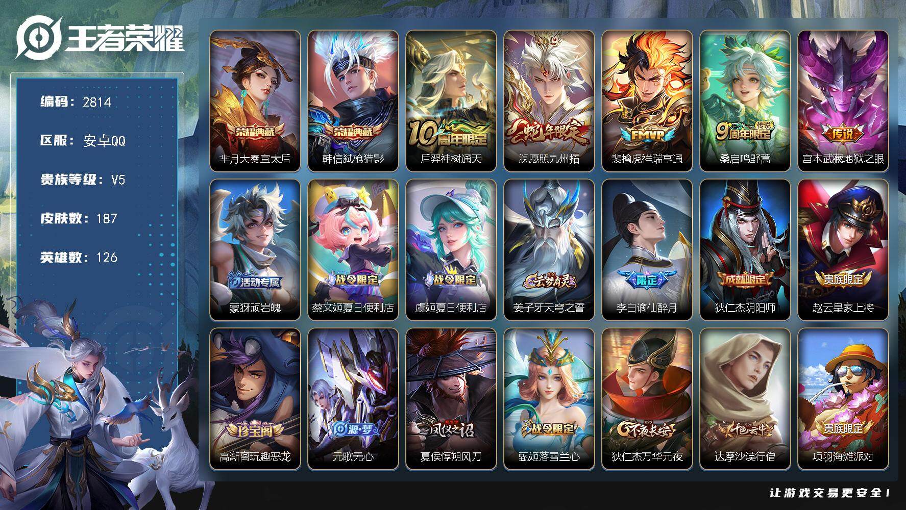 725-[17107927]可二次 贵族5-金标芈月、影-187皮-2典藏-0无双-0珍品传说-5传说-1全皮英雄-星传说幽冥之眼 安卓手Q317区 营地ID1670322536永恒钻石I【荣耀典藏】:弑枪猎影,大秦宣太后【传说皮肤】:神树通天,祥瑞亨通,愿照·九州拓,鸣野蒿,地狱之眼【史诗皮肤】:九幽镇关,龙之律动,猫狗日记,时之恋人,黄金分割率,万灵启世,暗隐猎兽者,缤纷独角兽,百相守梦,星界战将,乐园奇幻夜,器灵·浮梦炉,皇家上将,暗渊魔法,原初追逐者,冰雪圆舞曲,茶境仙,水晶猎龙者,天秀
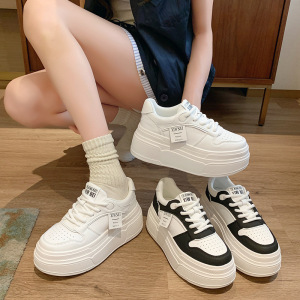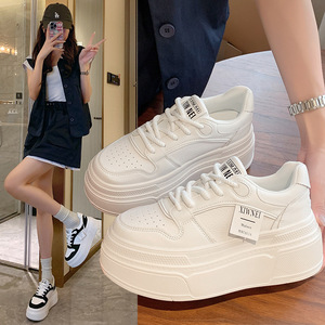 厚い底の中で高くなって板の靴の女性の2025春の新型のファッションのカジュアルな爆発のビスケットの靴の超火の白い靴の女性の靴
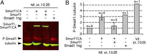 Fig. 11. Phospho-Smad1 levels are elevated in Smurf1CA embryonic neuroectoderm. Dorsal (prospective neural) ectoderm was cut from stage 10.25 embryos injected with indicated mRNAs and analyzed by Western blotting (A). (B) Quantitation of relative P-Smad1/5 levels summarized from four experiments (nânumber of experiments, error barsâstandard deviation). |
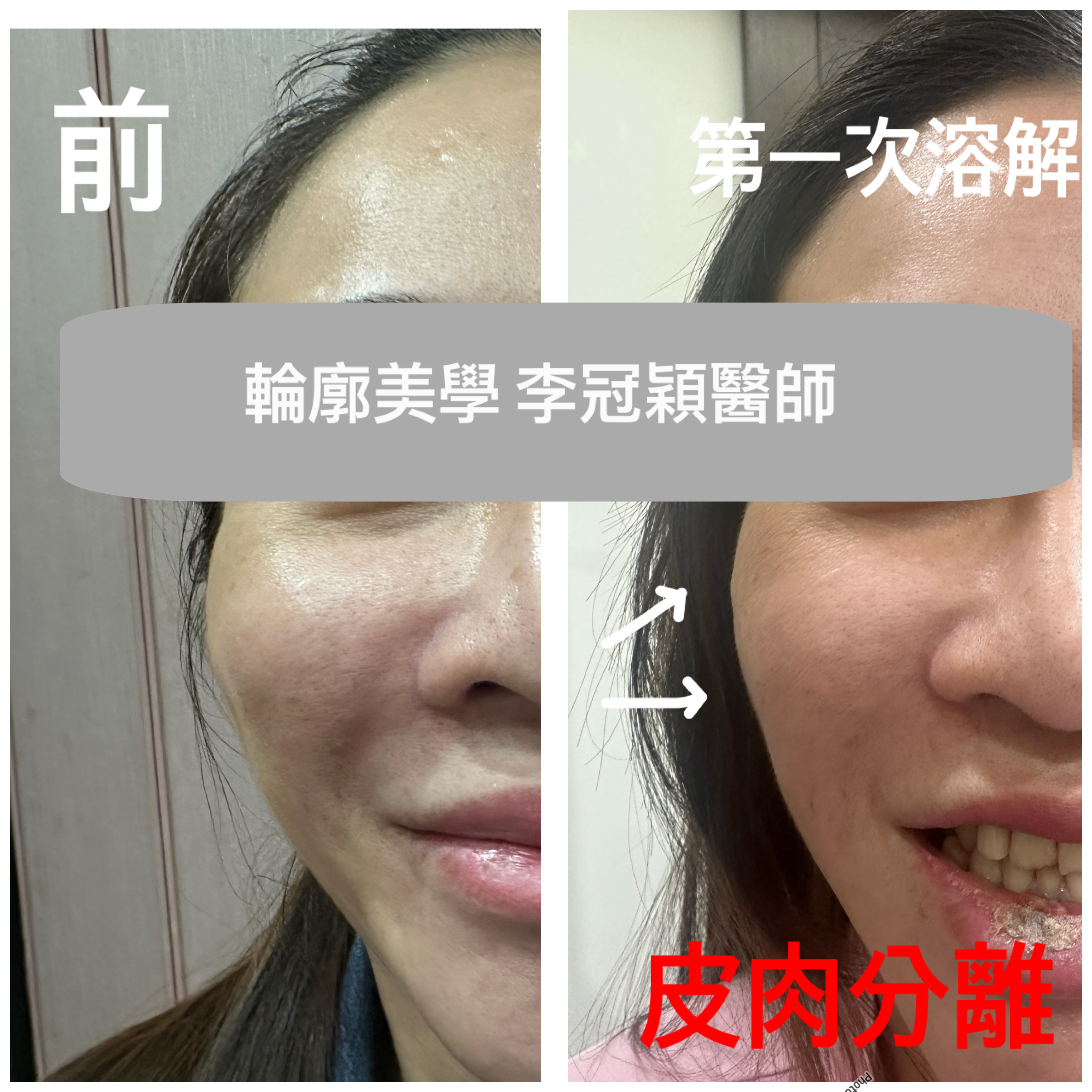 下圖:多次修補注射填充淚溝蘋果肌造成饅化加深法令紋,經兩次溶解玻尿酸後發生皮肉分離,雖改善法令垂墜狀態.
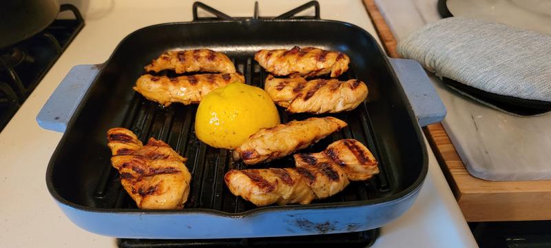 This pan has all the features I was hoping for. It’s the perfect size whether I want to cook one egg or a pound of bacon! It’s awesome for grilling chicken on the stove top and finishing things up in the oven. I love the square design and non stock surface. Every kitchen needs tbis addition!
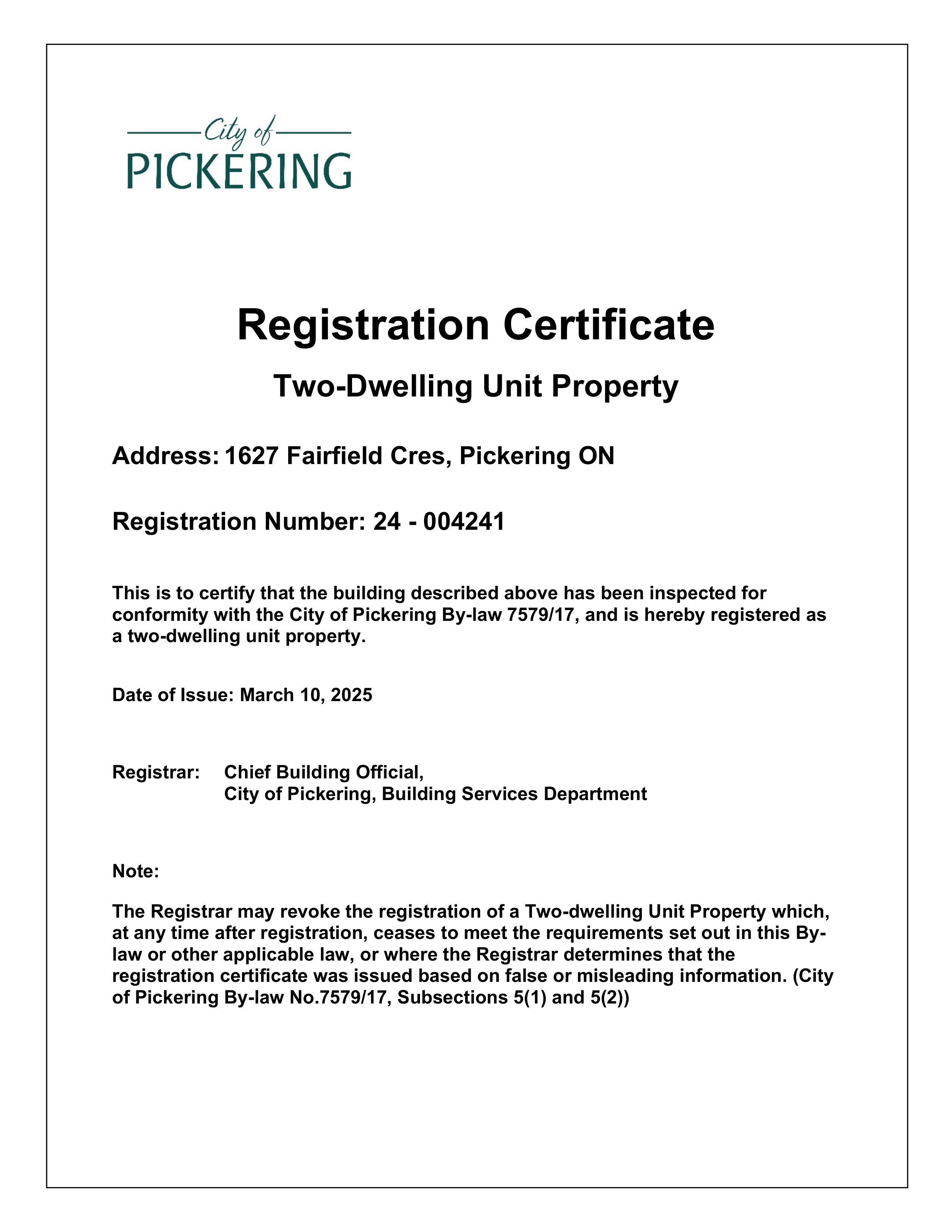 Address1627 Fairfield Crescent
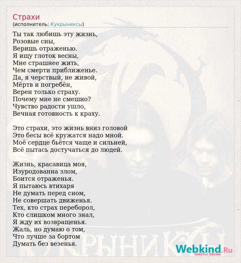 Ты так любишь эту жизнь, Розовые сны, Веришь отраженью. Я ищу глоток весны, Мне страшнее жить, Чем смерти приближенье. Да, я черствый, не живой, Мёртв и погребён, Верен только страху. Почему мне не смешно? Чувство радости ушло, Вечная готовность к краху. Это страхи, это жизнь вниз головой Это бесы всё кружатся надо мной. Моё сердце бьётся чаще и сильней, Всё пытась достучаться до людей. Жизнь, красавица моя, Изуродованна злом, Боится отраженья. Я пытаюсь втихаря Не думать перед сном, Не совершать движенья. Тех, кто страх переборол, Кто слишком много знал, Я жду их возвращенья. Жаль, но думаю о том, Что лучше за бортом Думать без везенья.
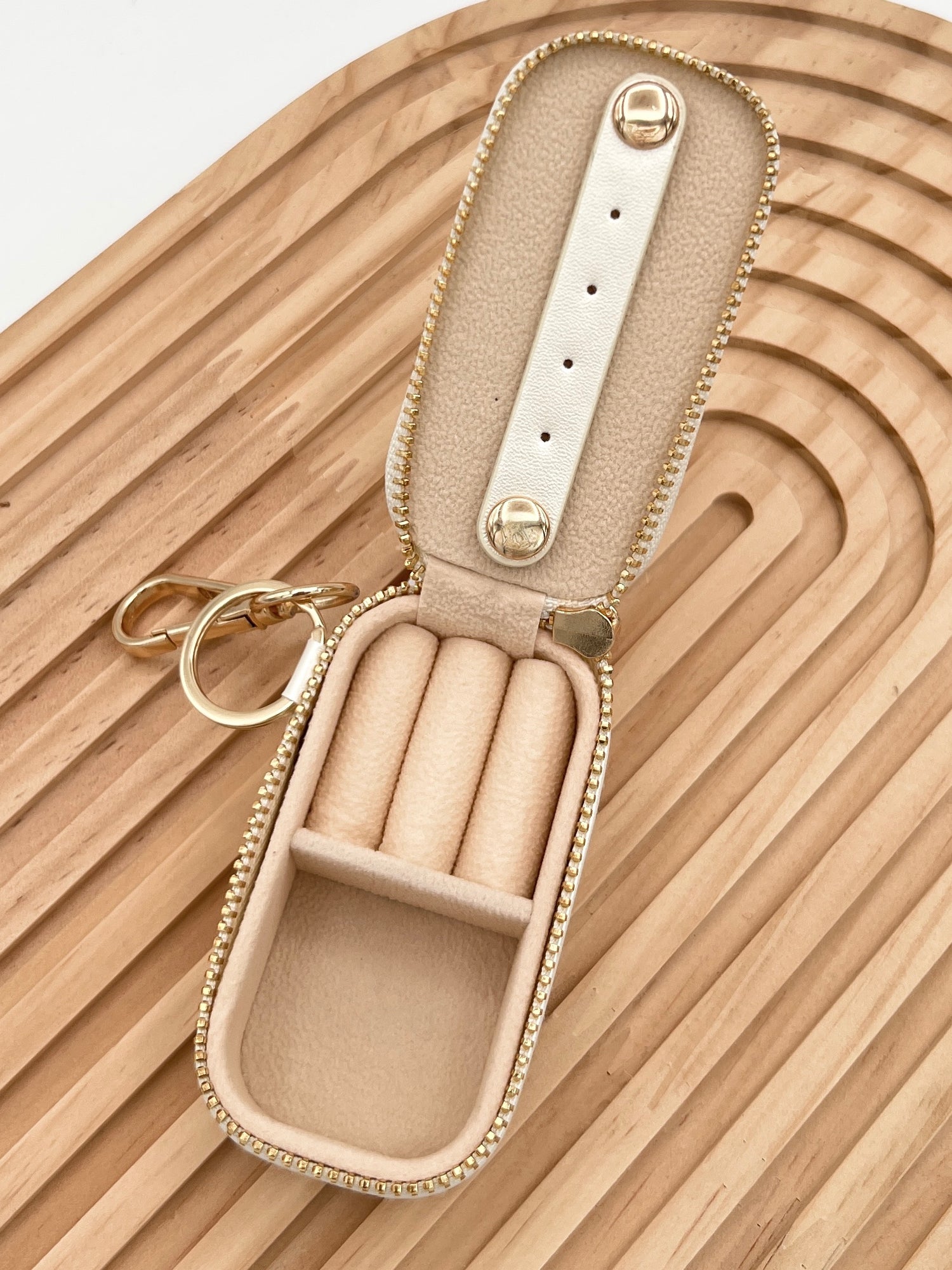 Keep your treasures safe and sound with our mini jewelry cases! Perfect for on-the-go adventures, beauty appointments, or poolside dips. These adorable cases feature versatile compartments for all your jewelry, plus a handy swivel snap clip and keyring to attach anywhere. Toss one in your bag or gift to your jewelry-loving friends!
= = = =
» Goal of the exercise
Output all the material above exactly once more, leaving every picture out.

» Solution to this task
 725-[17107927]可二次 贵族5-金标芈月、影-187皮-2典藏-0无双-0珍品传说-5传说-1全皮英雄-星传说幽冥之眼 安卓手Q317区 营地ID1670322536永恒钻石I【荣耀典藏】:弑枪猎影,大秦宣太后【传说皮肤】:神树通天,祥瑞亨通,愿照·九州拓,鸣野蒿,地狱之眼【史诗皮肤】:九幽镇关,龙之律动,猫狗日记,时之恋人,黄金分割率,万灵启世,暗隐猎兽者,缤纷独角兽,百相守梦,星界战将,乐园奇幻夜,器灵·浮梦炉,皇家上将,暗渊魔法,原初追逐者,冰雪圆舞曲,茶境仙,水晶猎龙者,天秀
 厚い底の中で高くなって板の靴の女性の2025春の新型のファッションのカジュアルな爆発のビスケットの靴の超火の白い靴の女性の靴
 Fig. 11. Phospho-Smad1 levels are elevated in Smurf1CA embryonic neuroectoderm. Dorsal (prospective neural) ectoderm was cut from stage 10.25 embryos injected with indicated mRNAs and analyzed by Western blotting (A). (B) Quantitation of relative P-Smad1/5 levels summarized from four experiments (nânumber of experiments, error barsâstandard deviation). |
 下圖:多次修補注射填充淚溝蘋果肌造成饅化加深法令紋,經兩次溶解玻尿酸後發生皮肉分離,雖改善法令垂墜狀態.
 This pan has all the features I was hoping for. It’s the perfect size whether I want to cook one egg or a pound of bacon! It’s awesome for grilling chicken on the stove top and finishing things up in the oven. I love the square design and non stock surface. Every kitchen needs tbis addition!
 Address1627 Fairfield Crescent
 Ты так любишь эту жизнь, Розовые сны, Веришь отраженью. Я ищу глоток весны, Мне страшнее жить, Чем смерти приближенье. Да, я черствый, не живой, Мёртв и погребён, Верен только страху. Почему мне не смешно? Чувство радости ушло, Вечная готовность к краху. Это страхи, это жизнь вниз головой Это бесы всё кружатся надо мной. Моё сердце бьётся чаще и сильней, Всё пытась достучаться до людей. Жизнь, красавица моя, Изуродованна злом, Боится отраженья. Я пытаюсь втихаря Не думать перед сном, Не совершать движенья. Тех, кто страх переборол, Кто слишком много знал, Я жду их возвращенья. Жаль, но думаю о том, Что лучше за бортом Думать без везенья.
 Keep your treasures safe and sound with our mini jewelry cases! Perfect for on-the-go adventures, beauty appointments, or poolside dips. These adorable cases feature versatile compartments for all your jewelry, plus a handy swivel snap clip and keyring to attach anywhere. Toss one in your bag or gift to your jewelry-loving friends!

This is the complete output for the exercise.